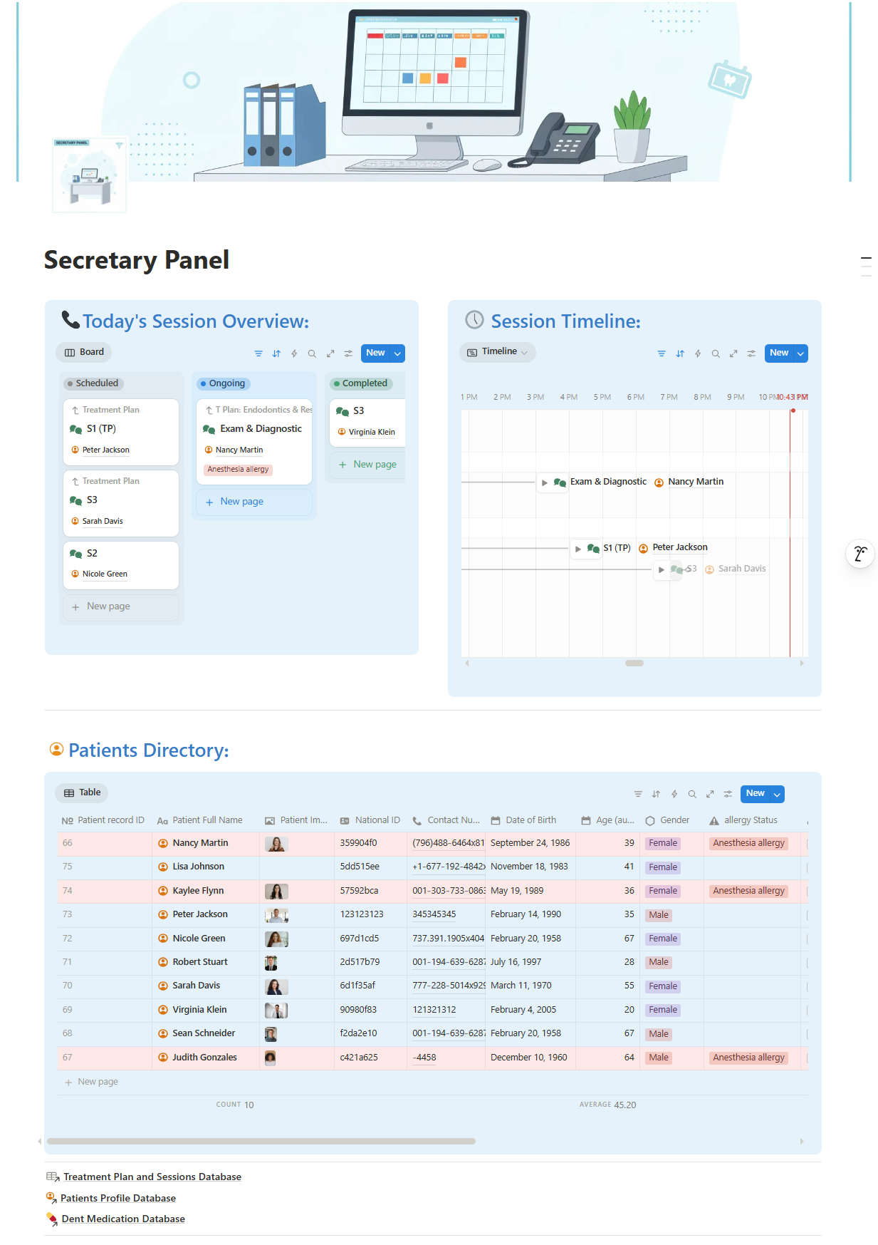 Denta Clinica Pro is a complete digital workspace for dentists, built entirely in Notion.
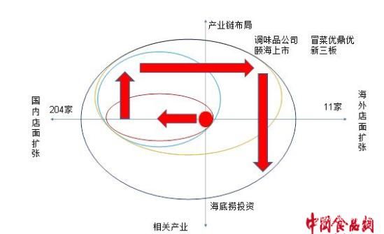 第二步,海底撈開始在產(chǎn)業(yè)鏈上布局,并且推動調(diào)味品、冒菜等新產(chǎn)品線發(fā)展壯大,縱向獲得了安全保障,抗風(fēng)險能力增加;
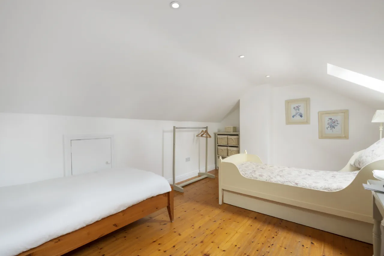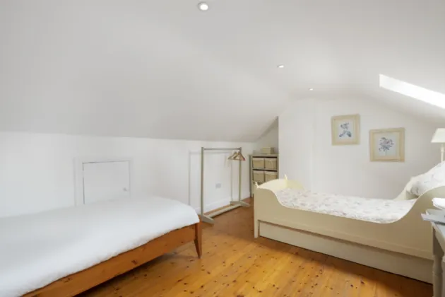The ground floor also features two well-appointed bedrooms, including a master bedroom with its own private en-suite, as well as a separate family bathroom. Upstairs, two charming attic rooms provide additional accommodation.
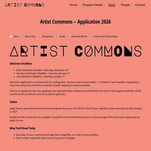 Aplikasi untuk Artist Commons secara resmi dibuka. Jika Anda mendambakan tahun yang lebih fokus untuk seni Anda, tahun di mana Anda tidak bekerja sendiri, menebak langkah selanjutnya, atau mengandalkan suka untuk umpan balik, ini adalah kesempatan Anda untuk mengangkat tangan dan melamar menjadi bagian dari kelompok 2026 kami. Artist Commons adalah program pengembangan seniman online selama setahun untuk seniman awal dan pertengahan karir yang menginginkan kritik, struktur, wawasan, dan komunitas yang bijaksana. Berikut adalah tanggal-tanggal kuncinya: Batas waktu penerimaan awal: Sabtu, 20 Desember Batas waktu penerimaan standar: Sabtu, 10 Januari Batas Waktu Penerimaan Terlambat: Sabtu, 17 Januari Yang perlu Anda terapkan hanyalah contoh karya terbaru Anda dan beberapa tanggapan tertulis singkat tentang praktik dan tujuan seni Anda. Kami meninjau aplikasi secara bergulir dan mengirimkan keputusan dalam waktu sekitar satu hingga dua minggu dari setiap tenggat waktu. Tidak ada biaya pendaftaran. Aplikasi yang diajukan di jendela Penerimaan Terlambat, yaitu seminggu sebelum program dimulai, termasuk biaya terburu-buru $ 100 untuk pelamar yang diterima. Agar program ini tetap dapat diakses, kami menawarkan beasiswa parsial dan penuh. Cukup isi bagian Beasiswa di halaman terakhir aplikasi untuk dipertimbangkan. Kohort dapat terisi sebelum batas waktu akhir, jadi ada baiknya untuk mendaftar sedini mungkin. Jika ini terdengar seperti jenis dukungan yang Anda lewatkan, saya akan senang melihat aplikasi Anda! Pelajari lebih lanjut👇
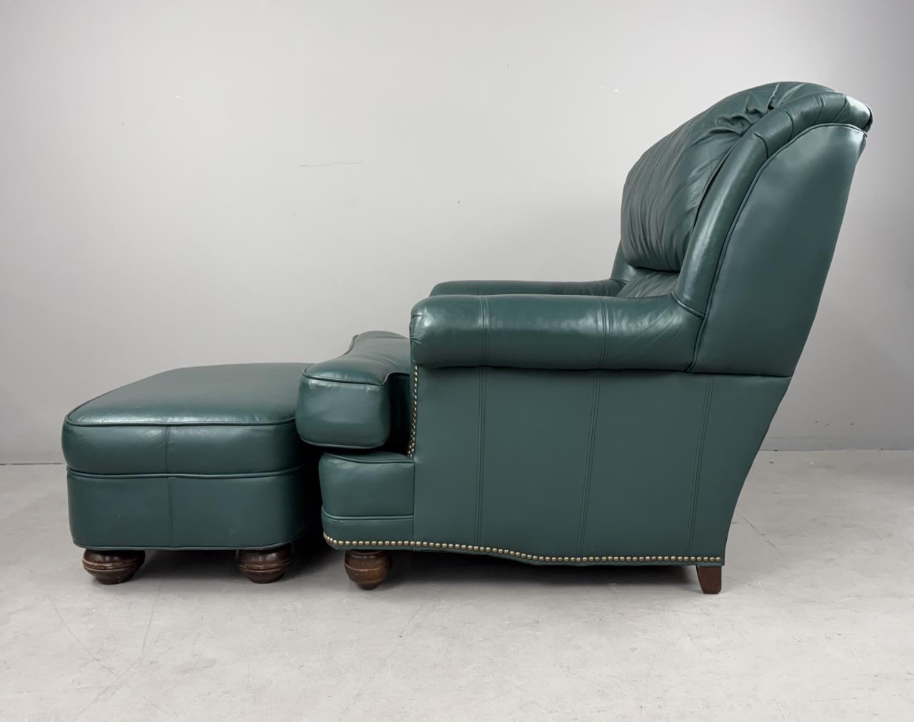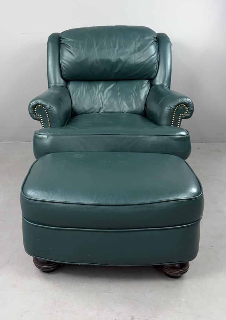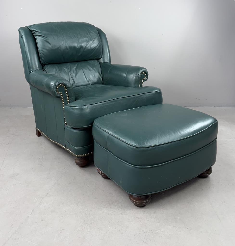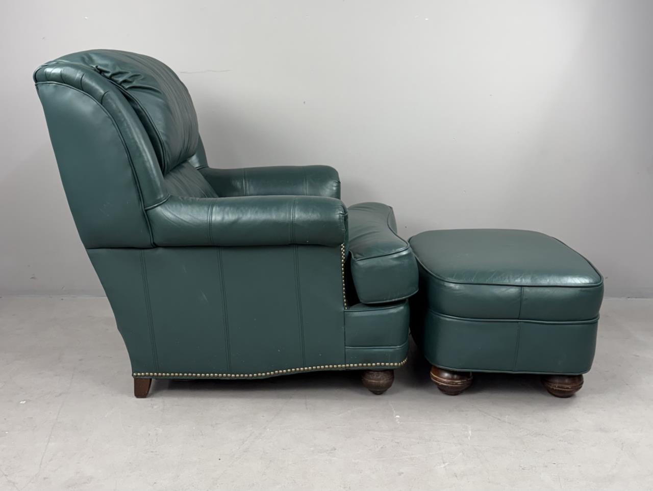 Distinction Furniture Corporation (Conover, North Carolina) traditional style club chair (approximately 43″ (D) x 36″ (W) x 37″ (H)) and matching ottoman (approximately 21″ (D) x 27-1/2″ (W) x 15″ (H)), with dark green leather upholstery, exposed brass nailheads, and bun feet.

Your goal: Reproduce the listing above exactly from the line containing "The ground floor" up to and including the line containing "Aplikasi untuk Artist", omitting any images and everything outside those lines.

Solution to this problem:
The ground floor also features two well-appointed bedrooms, including a master bedroom with its own private en-suite, as well as a separate family bathroom. Upstairs, two charming attic rooms provide additional accommodation.
 Aplikasi untuk Artist Commons secara resmi dibuka. Jika Anda mendambakan tahun yang lebih fokus untuk seni Anda, tahun di mana Anda tidak bekerja sendiri, menebak langkah selanjutnya, atau mengandalkan suka untuk umpan balik, ini adalah kesempatan Anda untuk mengangkat tangan dan melamar menjadi bagian dari kelompok 2026 kami. Artist Commons adalah program pengembangan seniman online selama setahun untuk seniman awal dan pertengahan karir yang menginginkan kritik, struktur, wawasan, dan komunitas yang bijaksana. Berikut adalah tanggal-tanggal kuncinya: Batas waktu penerimaan awal: Sabtu, 20 Desember Batas waktu penerimaan standar: Sabtu, 10 Januari Batas Waktu Penerimaan Terlambat: Sabtu, 17 Januari Yang perlu Anda terapkan hanyalah contoh karya terbaru Anda dan beberapa tanggapan tertulis singkat tentang praktik dan tujuan seni Anda. Kami meninjau aplikasi secara bergulir dan mengirimkan keputusan dalam waktu sekitar satu hingga dua minggu dari setiap tenggat waktu. Tidak ada biaya pendaftaran. Aplikasi yang diajukan di jendela Penerimaan Terlambat, yaitu seminggu sebelum program dimulai, termasuk biaya terburu-buru $ 100 untuk pelamar yang diterima. Agar program ini tetap dapat diakses, kami menawarkan beasiswa parsial dan penuh. Cukup isi bagian Beasiswa di halaman terakhir aplikasi untuk dipertimbangkan. Kohort dapat terisi sebelum batas waktu akhir, jadi ada baiknya untuk mendaftar sedini mungkin. Jika ini terdengar seperti jenis dukungan yang Anda lewatkan, saya akan senang melihat aplikasi Anda! Pelajari lebih lanjut👇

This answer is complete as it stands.